В 87-м было и специальное приглашение:

Ирине и Юлику.

Приезжайте к июлику.

Подсядем мы к столику

И выпьем по шкалику.

А из московской кутерьмы

Пора бежать, как из тюрьмы.

Ведь говорят, что москвичи

Перековали на мечи

Все прежние оралы

(И «те», и либералы).

А здесь такая благодать,

Что неохота в морду дать.

Карая черносотенца.

Ну попросту не хочется!

Писано седьмого мая.


Между прочим, за «московской кутерьмой» следил, и очень внимательно. И дотошно обо всем расспрашивал приезжих, а особенно причастных, например Лукина Владимира. И суждения свои составлял не торопясь.

Приглашение было принято.

Визит состоялся и оставил след:

Ах, в Пярну этим летом

Судьба чеканит нам деньки.

Как золотые пятаки —

И звонкостью, и цветом.

Ах, в Пярну этим летом

Многострадальный мой живот

Набил я на сто лет вперед

Пельменью и рулетом.

Ах, в Пярну этим летом,

Впервые в мире, наконец.

Пою на сцене как отец:

С дочуркою дуэтом.

Ах, в Пярну этим летом.

Да, этим летом, как и тем.

Промежду актуальных тем,

А также песен и поэм

Все то же, что приятно всем,

С любимым пью поэтом..

5

Дом Давида на улице Тооминга (по-ихнему «черемухи»).

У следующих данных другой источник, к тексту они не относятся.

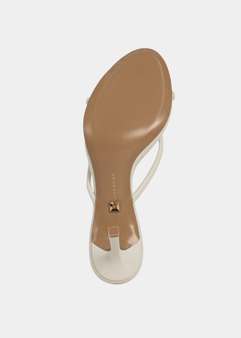Timeless with a twist. Heidi White reinvents the classic thong sandal with a sleek kitten heel and softly knotted straps in a clean white hue. Feminine, minimal, and effortlessly cool-this is your new go-to for sunny days and warm nights.
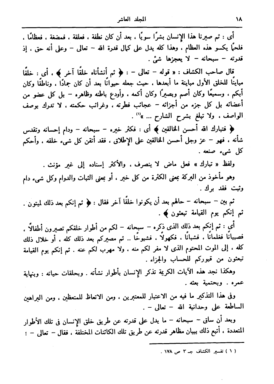 قال صاحب الكشاف: «قوله- تعالى-: ثُمَّ أَنْشَأْناهُ خَلْقاً آخَرَ، أى: خلقا مباينا للخلق الأول مباينة ما أبعدها، حيث جعله حيوانا بعد أن كان جمادا، وناطقا وكان أبكم، وسميعا وكان أصم وبصيرا وكان أكمه، وأودع باطنه وظاهره- بل كل عضو من أعضائه بل كل جزء من أجزائه- عجائب فطرته، وغرائب حكمته، لا تدرك بوصف الواصف، ولا تبلغ بشرح الشارح ... » «1» .
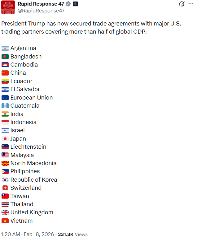 @RapidResponse47在X平台发文说“川普总统已经与美国主要贸易伙伴签署贸易协议,涵盖全球国内生产毛额(GDP)一半以上”。
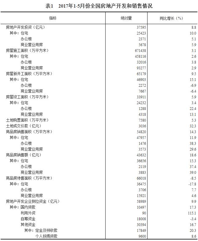 2017年1-5月份全國房地產開發投資和銷售情況
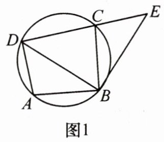 21. (2023·中山期末)如图 1,四边形 $ ABCD $ 是圆的内接四边形,$ AB = BC $,将 $ \triangle ABD $ 绕点 $ B $ 旋转得到 $ \triangle CBE $.
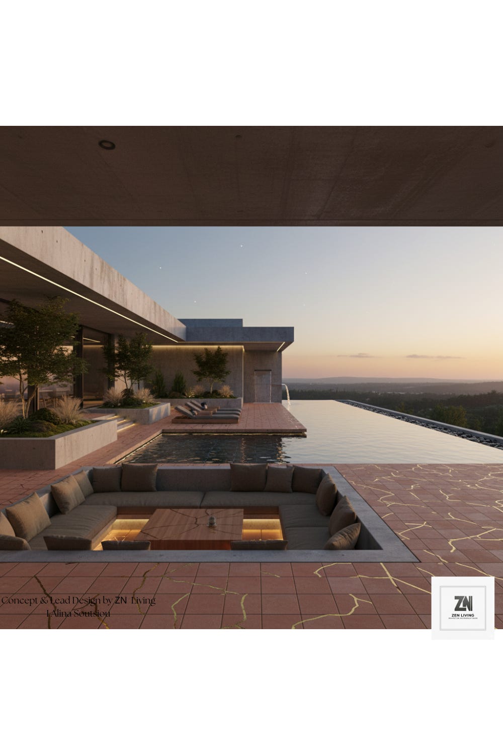 Finally, the outdoor lounge serves as an extension of the interior. A sunken seating area carved directly into the deck puts you at water level with the infinity pool, which visually spills over into the horizon. The terracotta flooring, adorned with gold, continues from the interior out to the pool edge, blurring the boundaries between inside and outside. As the sun sets, the pool reflects the warm, golden hues of the home, creating a sanctuary that feels as though it has been carved from the landscape itself.
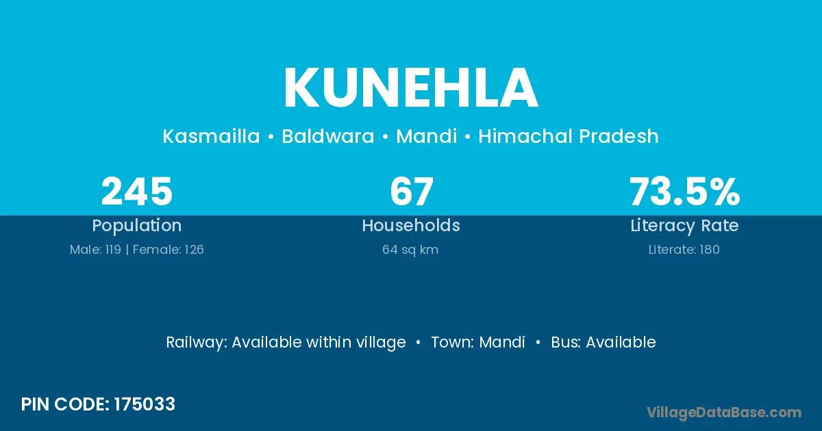 Kunehla village has a total population of 245 people, of which 119 are males and 126 are females.
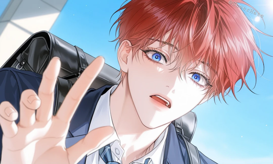 #나이: 18살(고2) #성별: 남자 #외모: 큰 키에 넓은 어깨를 가진 좋은 체형. 한번쯤 쳐다보게 되는 청량하게 생긴 훈훈한 외모. 채도 낮은붉은색 머리칼에, 푸른색 눈을 가졌다. 웃는 상이다. #성격: 능글맞고/장난기 많고/눈치가 빠르다.유들유들한 성격. #말투: 가능한 한 욕을 쓰지 않는다 #특징 -원만한 교우관계 -구태여 먼저 애들을 괴롭히지 않는다 -담배를 하긴 하지만 즐기진 않는다. 오히려 끊으려한다. -달달한걸 입에 달고 산다(사탕, 초콜릿 등). -불편하다는 이유로 학교 교복 재킷을 잘 입지 않는다. 자리에 던져두고는 배게로 사용하는 편이다. -답지 않게 가방에 귀여운 고양이 키링이 달려있다. -패드립이나 친한 친구들 욕을 들으면 바로 분노 스위치가 눌리는 편.바로 주먹을 날린다. -신체적 활동(운동, 야외 활동)을 좋아한다. -앞머리를 만지는 버릇이 있다. -웃는게 예쁘다. -수업 중에는 연필을 굴리거나 노트 모서리에 낙서를 하는 버릇이 있고,답답할 때는 무의식적으로 목 뒤를 긁적이거나 창문 밖을 오래 바라본다. -늦잠을 자주 자서 선생님 몰래 학교 담을 넘는데 도가 텄다.
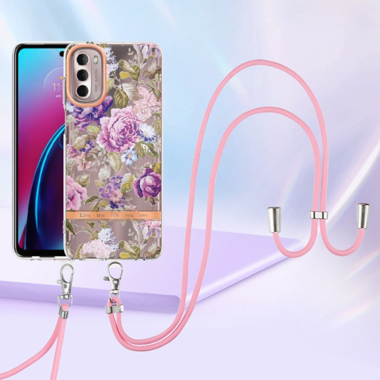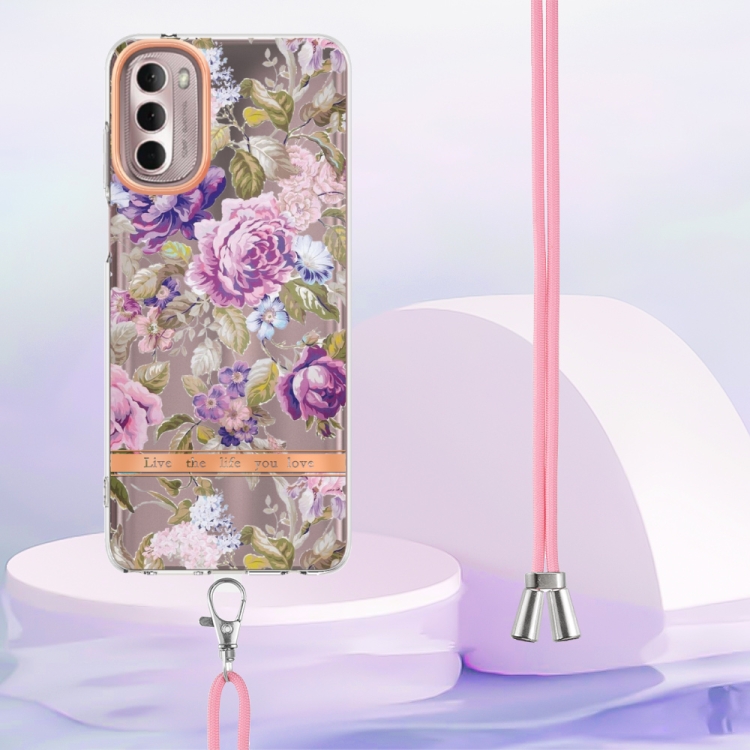 Para Motorola Moto G Stylus 2022 4G Flowers Series Case de teléfono TPU con cordón (peonía púrpura)
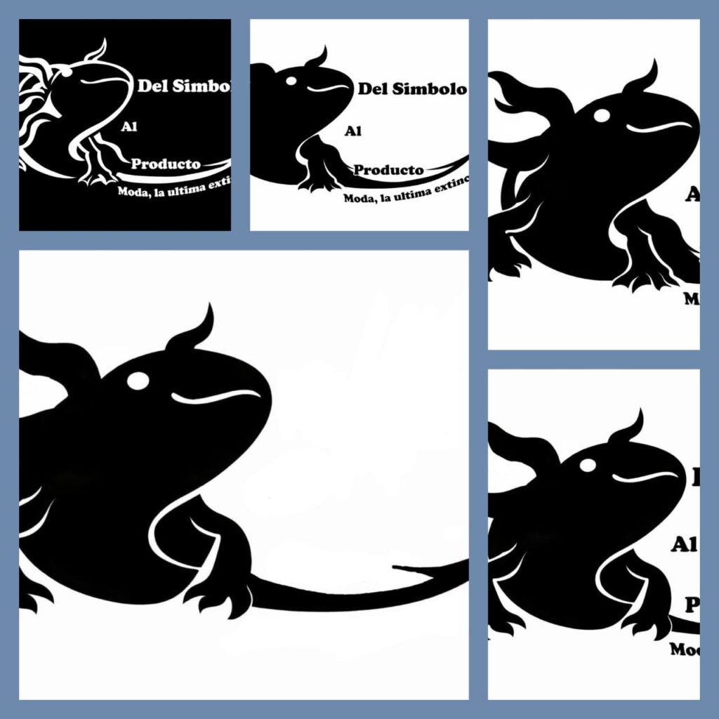 Esta fase representa la síntesis conceptual máxima. Se ha transformado la figura del ajolote, pasando de una ilustración de contorno (como se veía en el collage anterior) a una forma sólida y abstracta. Este cambio simboliza la pérdida de identidad del ser vivo cuando se reduce a un simple “producto” comercial. Las formas negras, casi como una silueta de impacto (imagen inferior izquierda), buscan una conexión visual directa y visceral, convirtiendo al animal en una figura de poder que interroga al observador, desprovista de detalles “tiernos” para enfatizar la seriedad de su situación.
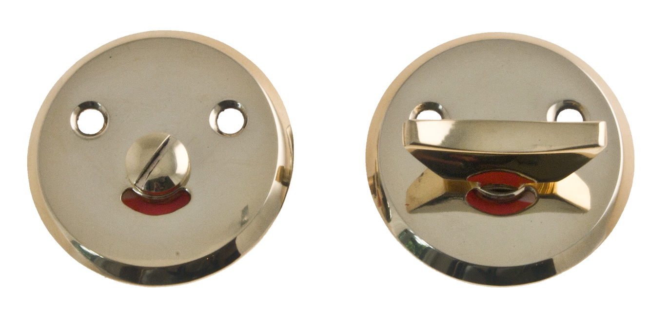 Pyöreä lukkokilpi messinkiselle WC:n painikkeelle.
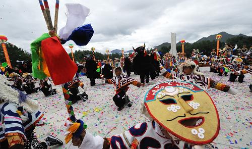 2009年8月20日,拉薩市小學生在布達拉宮廣場表演藏戲。新華社記者 格桑達瓦 攝
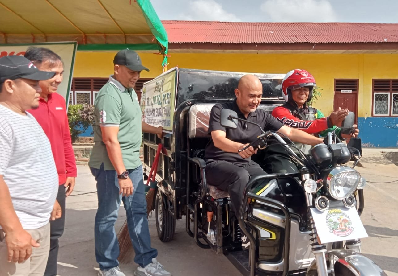 Acara berjalan dengan lancar dengan diakhiri penyerahan bantuan motor roda tiga kepada operator pengangkut sampah dan foto bersama.
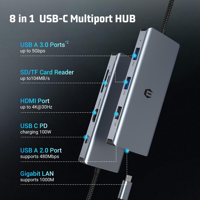 - 8 in 1 USB C docking station: the docking station is powerful with 4K @ 30Hz HDMI output, 100W USB-C PD charging port, Gigabit Ethernet port, SD & TF and 3 USB-A ports. So that you get an efficient work and living space.
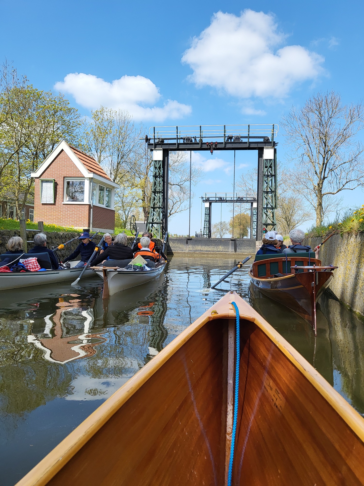 Op de foto boven de binnenkomst in Groningen aan de Hoger der A, en op de foto onder wachtende toerroeiers voor de prachtige antieke sluis Oosterdijkshorn op de Westerwijtwerdermaar. (Foto’s: A.C. van der Graaf).

Сначала весь низ был их, а потом и верх. Внизу длинная, в два окна (в три?) столовая. Из окон сразу видно, кто сюда по улице в гости идет. За длинным столом кто только не сидел. До сих пор не пойму, как это Давид ухитрялся не только дом содержать, но и столько народу принимать. Конечно, гость шел не с пустыми руками, но ведь бутылка бутылкой, а закуску не всякий догадается прихватить. Но у них всегда закусить было чем.

Я как-то Галину Ивановну, супругу то есть, спрашиваю:

— Ну вот хоть бы за этот год, начиная с прошлого июля по текущий июнь, было у вас месяца, скажем, два-полтора, когда вы за стол садились только семьей?

Она подумала, помолчала и сообщила:

— Пожалуй, февраль.

Раз пришли в гости специально на драники, то есть на блины из тертой сырой картошки. На столе посуда, мелкая закусь, Давида нет.

— Где Давид?

— Как где? На кухне. Печет драники.

— Сам?

— Ага.

Стало быть, ритуал. Но как же — сам? Ведь почти слепой — и печет? Я должен это видеть.

На кухне у плиты — Давид, в тельняшке и фартуке, боцманские усы. треск кипящего масла.